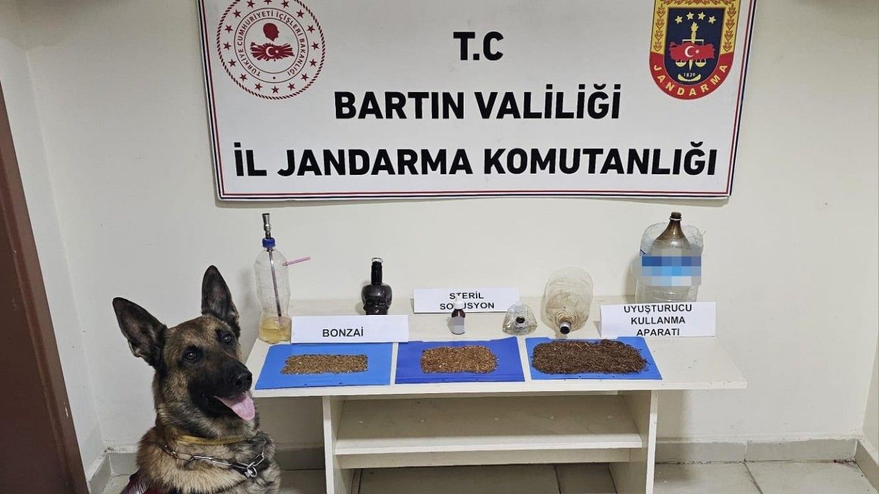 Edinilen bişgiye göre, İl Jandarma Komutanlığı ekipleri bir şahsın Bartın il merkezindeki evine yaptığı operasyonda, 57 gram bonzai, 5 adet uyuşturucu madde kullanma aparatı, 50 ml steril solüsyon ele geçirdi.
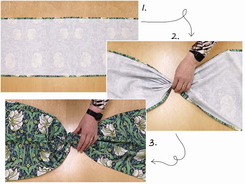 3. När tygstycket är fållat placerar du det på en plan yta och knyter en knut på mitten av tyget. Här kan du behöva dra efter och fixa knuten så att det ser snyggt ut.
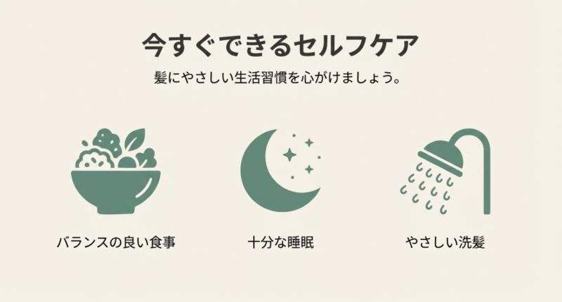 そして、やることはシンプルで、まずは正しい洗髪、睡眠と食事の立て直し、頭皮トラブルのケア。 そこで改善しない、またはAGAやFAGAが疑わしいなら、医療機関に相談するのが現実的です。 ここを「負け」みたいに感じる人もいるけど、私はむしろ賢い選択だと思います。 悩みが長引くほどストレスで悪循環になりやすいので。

==

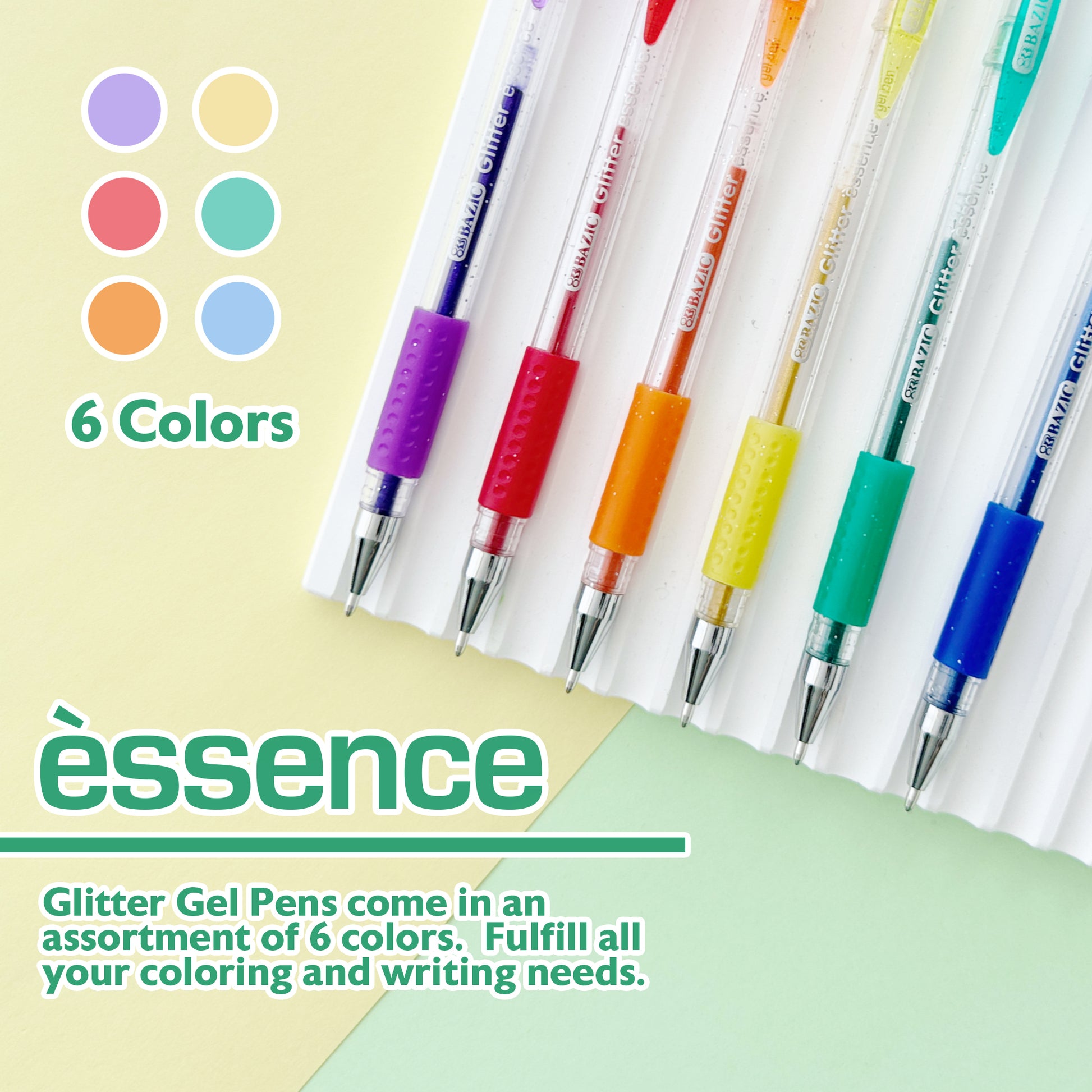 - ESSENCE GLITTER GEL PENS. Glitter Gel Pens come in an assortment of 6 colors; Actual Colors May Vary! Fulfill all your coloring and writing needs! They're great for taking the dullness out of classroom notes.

#### Exercise
Look above for the line with "Edinilen bişgiye göre, İl" and the line with "3. När tygstycket", then copy exactly the lines from the first through the second, both kept, with no pictures.

#### Response to this exercise
 Edinilen bişgiye göre, İl Jandarma Komutanlığı ekipleri bir şahsın Bartın il merkezindeki evine yaptığı operasyonda, 57 gram bonzai, 5 adet uyuşturucu madde kullanma aparatı, 50 ml steril solüsyon ele geçirdi.
 3. När tygstycket är fållat placerar du det på en plan yta och knyter en knut på mitten av tyget. Här kan du behöva dra efter och fixa knuten så att det ser snyggt ut.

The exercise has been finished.